When developers first discover the wonders of test-driven development, it’s like gaining entrance to a new and better world with less stress and insecurity. It truly is a wonderful experience well worth celebrating. But internalizing the benefits of testing is only the first step to enlightenment. Knowing what not to test is the harder part of the lesson.

While as a beginner you shouldn’t worry much about what not to test on day one, you better start picking it up by day two. Humans are creatures of habit, and if you start forming bad habits of over-testing early on, it will be hard to shake later. And shake them you must.

“But what’s the harm in over-testing, Phil, don’t you want your code to be safe? If we catch just one bug from entering production, isn’t it worth it?”. Fuck no it ain’t, and don’t call me Phil. This line of argument is how we got the TSA, and how they squandered billions fondling balls and confiscating nail clippers.

Tests aren’t free (they cost a buck o’five)

Every line of code you write has a cost. It takes time to write it, it takes time to update it, and it takes time to read and understand it. Thus it follows that the benefit derived must be greater than the cost to make it. In the case of over-testing, that’s by definition not the case.

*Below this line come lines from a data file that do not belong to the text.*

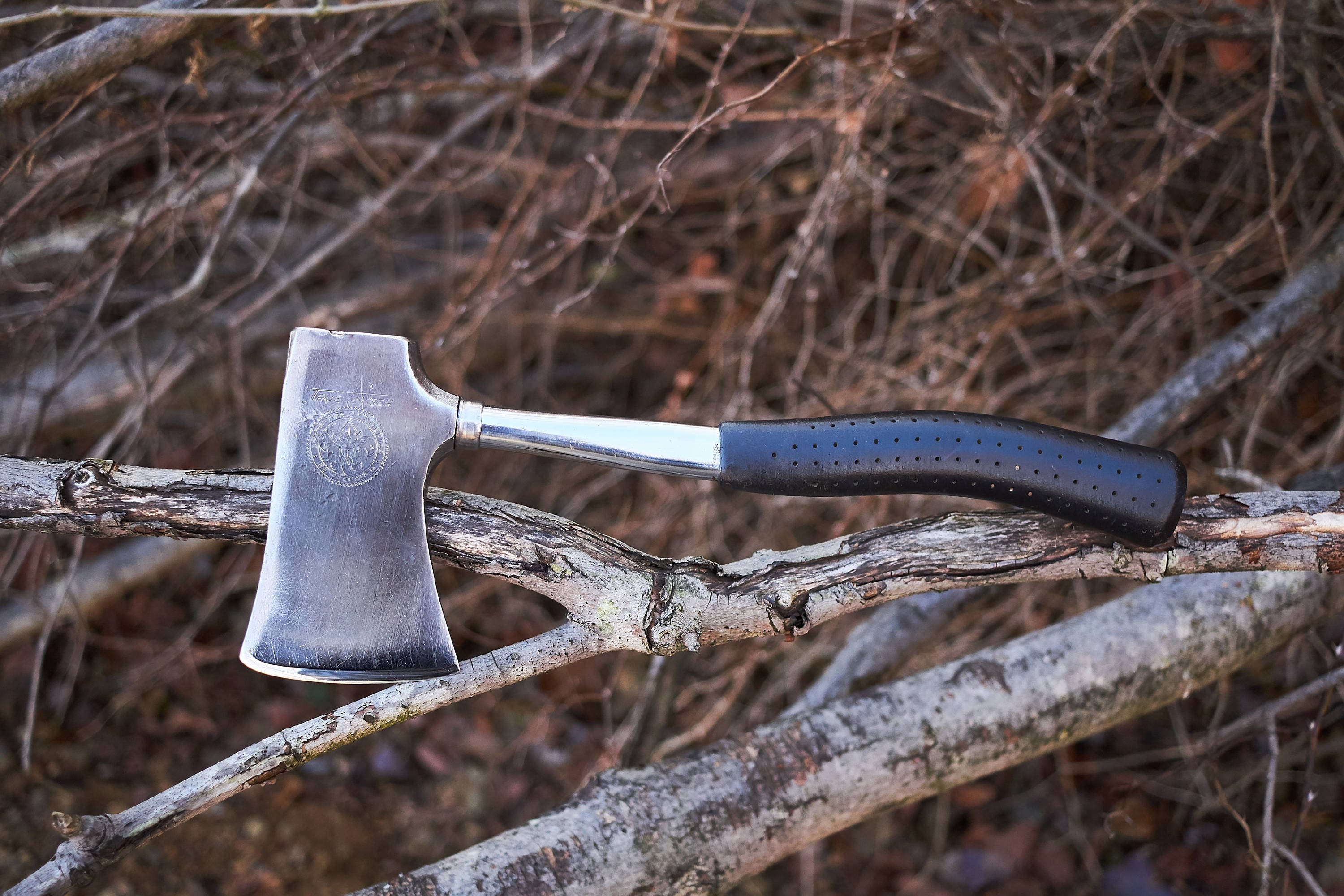 Vintage True Temper Boy Scout Hatchet has been cleaned and sharpened .This vintage hatchet is in very good shape and ready for your next outdoor adventure . Length is 13 inches and weighs 1 lb 12 oz .Comes with a handmade leather sheath .
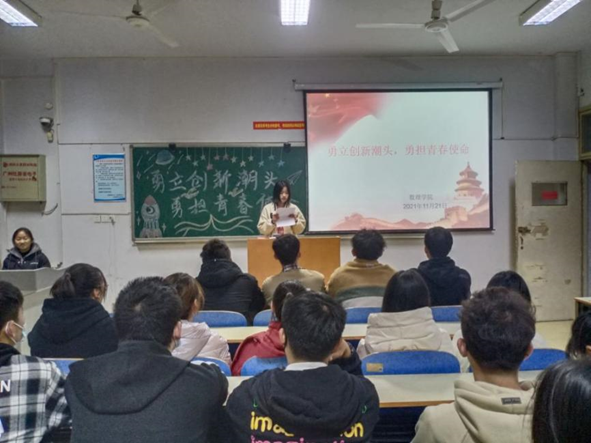 本网讯(学生记者/陈红)11月21日,我院在13教514教室开展“勇立创新潮头,勇担青春使命”主题团日班会,本次班会由班级团支书主持,21级全体同学参加。
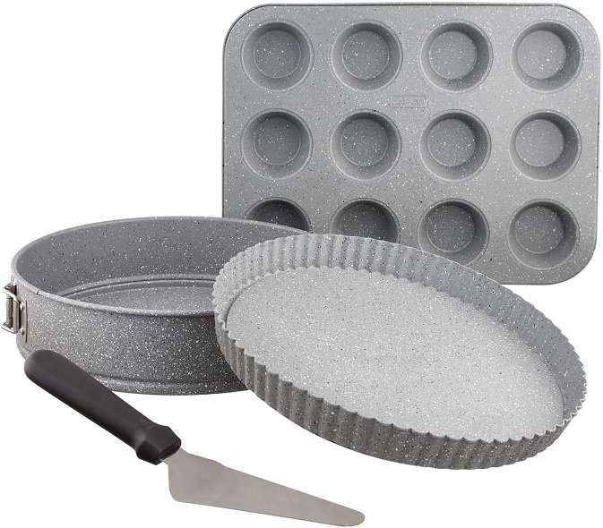 طقم ادوات خبز مكون من 4 قطع بلون الرخام الرمادي من نيوفلام
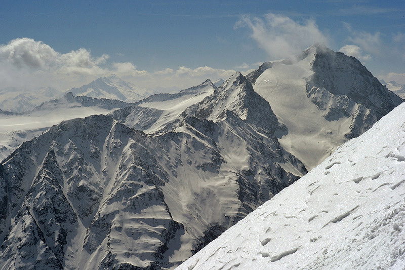 Langsam schwindet das Gewölk, der Blick hinüber zum Oberalpstock mit dem eingelagerten Staldenfirn wird frei. Links davon die scharfe Pyramide des Chli Oberälplers, dahinter über dem Brunnifirn der Piz Ault und der Piz Acletta. Markant im Hintergrund der Scopi am Lukmanierpass. |
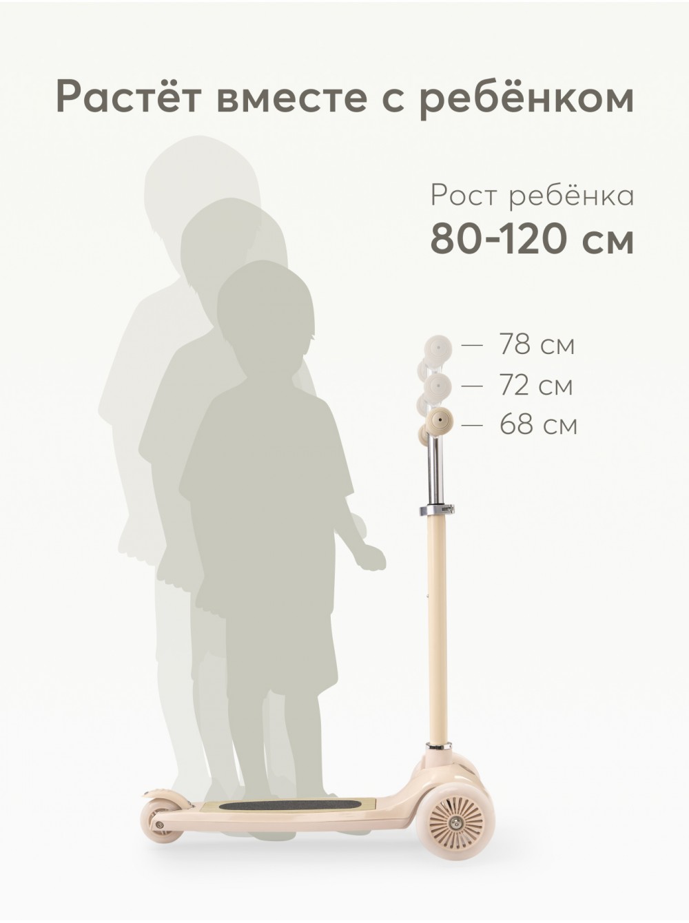 Детский трехколесный самокат от Happy Baby создан специально создан для малышей. Высоту руля легко регулировать в зависимости от возраста и роста ребенка. Резиновые грипсы обеспечивают надежный хват, а три колеса добавляют устойчивости. Задний тормоз поможет остановиться, а колеса из полиуретана
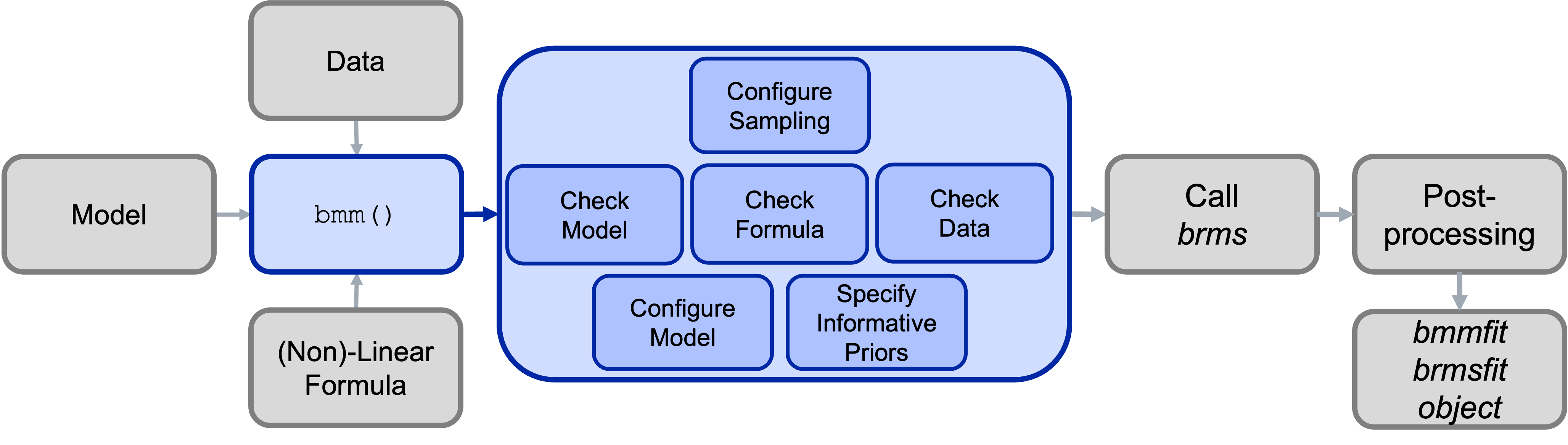 Under the hood, the main bmm() function will then call the appropriate functions for the specified model and will perform several steps:

Think of it like this: What’s the cost to prevent a bug? If it takes you 1,000 lines of validation testing to catch the one time Bob accidentally removed the validates_presence_of :name declaration, was it worth it? Of course not (yes, yes, if you were working on an airport control system for launching rockets to Mars and the rockets would hit the White House if they weren’t scheduled with a name, you can test it—but you aren’t, so forget it).

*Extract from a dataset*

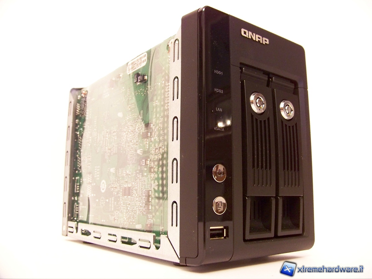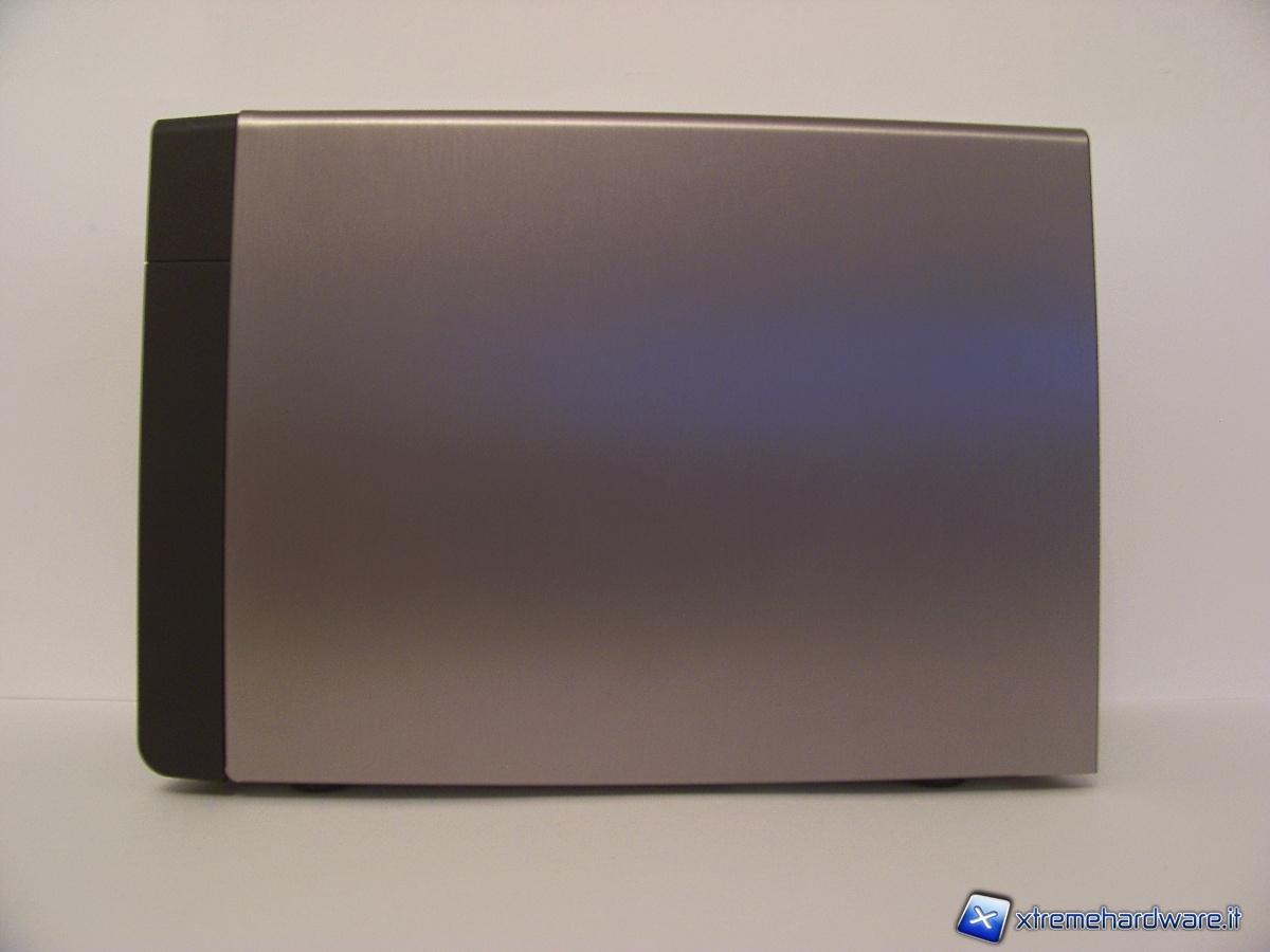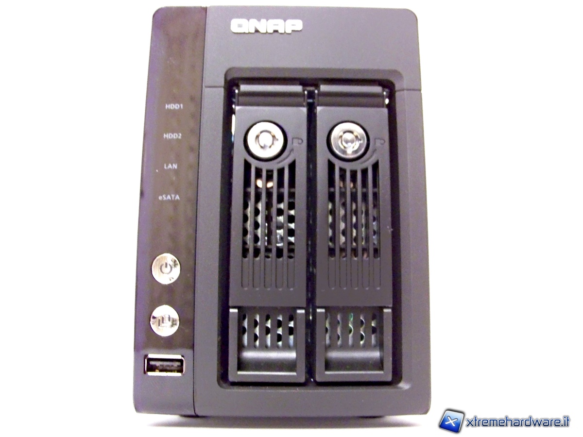 Nel pannello frontale sono presenti il tasto di accensione, un tasto per la copia veloce da USB, una porta USB 2.0 e quattro spie luminose, due per gli hard disk, uno per l’attività LAN e una per l’eSATA.

The problem with calling out over-testing is that it’s hard to boil down to a catchy phrase. There’s nothing succinct like test-first, red-green, or other sexy terms that helped propel test-driven development to its rightful place on the center stage. Testing just what’s useful takes nuance, experience, and dozens of fine-grained heuristics.

Seven don’ts of testing

But while all that nuance might have a place in a two-hour dinner conversation with enlightened participants, not so much in a blog post. So let me firebomb the debate with the following list of nuance-less opinions about testing your typical Rails application:

  1. Don’t aim for 100% coverage.
  2. Code-to-test ratios above 1:2 is a smell, above 1:3 is a stink.
  3. You’re probably doing it wrong if testing is taking more than 1/3 of your time. You’re definitely doing it wrong if it’s taking up more than half.
  4. Don’t test standard Active Record associations, validations, or scopes.
  5. Reserve integration testing for issues arising from the integration of separate elements (aka don’t integration test things that can be unit tested instead).
  6. Don’t use Cucumber unless you live in the magic kingdom of non-programmers-writing-tests (and send me a bottle of fairy dust if you’re there!)
  7. Don’t force yourself to test-first every controller, model, and view (my ratio is typically 20% test-first, 80% test-after).

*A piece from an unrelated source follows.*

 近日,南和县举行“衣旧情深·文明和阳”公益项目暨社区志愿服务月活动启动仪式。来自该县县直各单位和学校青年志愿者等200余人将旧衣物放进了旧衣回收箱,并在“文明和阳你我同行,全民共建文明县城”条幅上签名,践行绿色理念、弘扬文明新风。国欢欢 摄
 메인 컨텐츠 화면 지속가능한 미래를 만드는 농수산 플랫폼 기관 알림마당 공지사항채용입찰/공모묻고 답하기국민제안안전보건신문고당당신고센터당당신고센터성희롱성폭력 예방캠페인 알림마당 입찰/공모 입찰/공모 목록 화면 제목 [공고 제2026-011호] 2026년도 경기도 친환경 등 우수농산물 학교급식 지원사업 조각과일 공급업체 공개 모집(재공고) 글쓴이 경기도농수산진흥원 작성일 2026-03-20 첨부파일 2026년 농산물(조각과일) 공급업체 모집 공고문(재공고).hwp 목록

Given all the hundreds of books we’ve seen on how to get started on test-driven development, I wish there’d be just one or two that’d focus on how to tame the beast. There’s a lot of subtlety in figuring out what’s worth testing that’s lost when everyone is focusing on the same bowling or bacon examples of how to test.

But first things first. We must collectively decide that the TSA-style of testing, the coverage theater of quality, is discredited before we can move forward. Very few applications operate at a level of criticality that warrant testing everything.

In the wise words of Kent Beck, the man who deserves the most credit for popularizing test-driven development:

I get paid for code that works, not for tests, so my philosophy is to test as little as possible to reach a given level of confidence (I suspect this level of confidence is high compared to industry standards, but that could just be hubris). If I don’t typically make a kind of mistake (like setting the wrong variables in a constructor), I don’t test for it.